Government's own adviser on fuel poverty says chancellor's attack on Energy Company Obligation is 'completely inequitable'
George Osborne delivers his speech to the
Conservative party conference in Manchester last month. Photograph: Oli
Scarff/Getty Images
George Osborne's
plan to cut financial support for energy
efficiency in poorer households is an "unforgivable" attack, according to
the government's own adviser on fuel poverty.
With a political
row raging over soaring energy bills, inflamed further by an 8% rise from
the "big six" energy company SSE on
Thursday, Osborne and No 10 sources have repeatedly
indicated that the Energy Company
Obligation (ECO) is being targeted for cuts
or delays to reduce the government levies imposed on consumer energy bills.
But Derek Lickorish, chair
of the government's Fuel
Poverty Advisory Group, said: "It is completely inequitable to attack the
only measure that is doing something for the fuel poor in England. It is
unforgivable when we have energy prices that are going only in one
direction."
On Friday the business secretary, Vince Cable, said it would be "short-sighted and foolish" to ditch green levies that make up just under 10% of the average bill.
"The rise in energy prices is due to a whole variety of things, by far the most important of which is what's happening in world energy markets," he told BBC Radio 4's Today programme.
"We've had over a period of years very rapidly rising demand in Asia, particularly in China. We've had restrictions on supply from countries like Iran. A combination of these things has pushed up oil and gas prices and that is what has fed through to consumers."
His comments followed a suggestion from the CEO of SSE, Alistair Phillips-Davies, that his company's 8.2% price hike announced on Thursday was "helpful" to focus the nation's spending priorities.
Phillips-Davies told
the Daily Telegraph: "A price rise is never a good thing to do, but if it
focuses everyone on to a debate about what we as a nation should be spending
money on, then in one way it will be helpful.
"We need to think about what people really want to pay for; maybe it's time
to retreat from decarbonisation and focus more on the cost of living. I think we
have to have a debate about it. "Do we want to be replacing one bit of [energy] generation that we can keep going for a bit longer with a new bit of generation that's going to cost more?"
According to the Department of Energy and Climate Change, the ECO costs billpayers £1.3bn a year and makes up 4% – or £47 – of an average annual energy bill.
The Lib Dem energy
secretary, Ed Davey, launched a pre-emptive
strike against cuts to the ECO on Tuesday by writing to energy companies,
most of whom oppose the ECO scheme, demanding greater transparency over how much
the policy actually costs them to implement.
A Lib Dem source said the
party would try to block Conservative cuts to the ECO: "The scheme is about
improving the energy efficiency of the homes of poorer people and pensioners.

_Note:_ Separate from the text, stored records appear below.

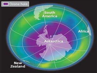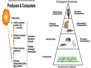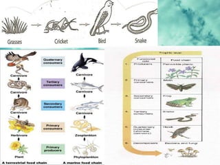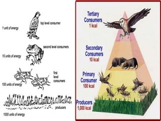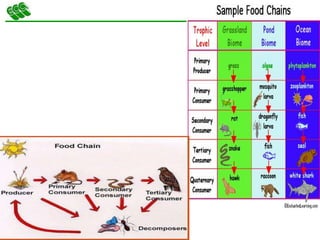 The document discusses ecosystems and how human activities impact the environment. It describes the components of an ecosystem like producers, consumers, decomposers and abiotic factors. There is a 10% loss of energy at each trophic level, limiting the number that can exist in a food chain. Human waste and chemicals like CFCs threaten ecosystems by polluting the air, water and soil. Improper waste disposal and ozone layer depletion are significant environmental issues addressed in the text.
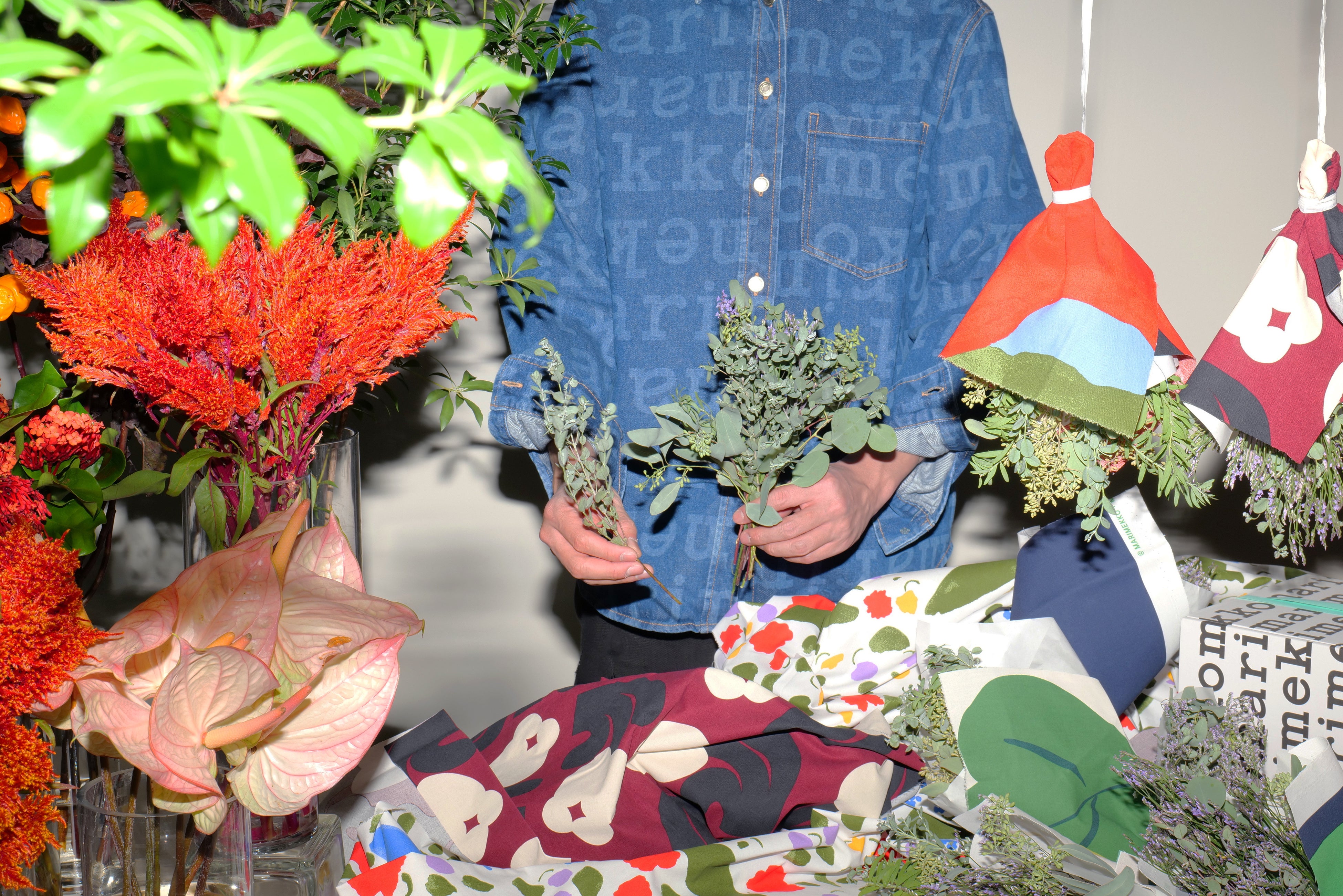 12月の週末限定で、一部対象のマリメッコストアにて、商品を2点以上お買い上げいただいたお客様へ、マリメッコのカットファブリックでラッピングしたホリデーシーズンをイメージしたスワッグをプレゼント。
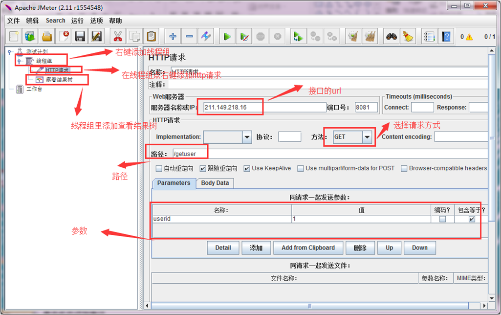 3.在http请求中写入接口的URL,路径,请求方式,参数

If
anyone is saying let's rip up ECO and stop thousand and thousands of homes
getting energy efficiency measures … it's not happening." Conservative sources
declined to comment. The coalition partners are also in dispute over the subsidies
given to renewable energy.
Lickorish, who worked in
the energy industry
for more than 40 years including a period at energy giant EDF, said: "It's
devastating how much energy prices have outstripped incomes. Fuel poverty has
increased and it is well known that this is a contributory factor to the UK's
unenviable record of winter deaths. We fully expect those deaths to have risen
when the new figures are announced in November."
On Thursday, SSE stated:
"This year's ECO costs per customer will be over 5% higher than those of the
similar government-imposed schemes last year". The company said the "cost of
delivering ECO is expected to continue to increase as the scheme goes on". In a
letter
to party leaders on 1 October, SSE's Phillips-Davies proposed shifting the
current £110 of annual green and social policy costs from customer bills into
general taxation, "shifting the cost away from those [in fuel poverty] who can't
afford to pay and on to those who can."
The National Insulation Association (NIA) warned on Thursday that the government's energy efficiency measures were "currently not delivering as expected by government with cavity wall installations 65% down and solid wall insulation over 70% down". In contrast to energy companies' call for a delay on meeting ECO targets, the NIA urged acceleration of ECO delivery.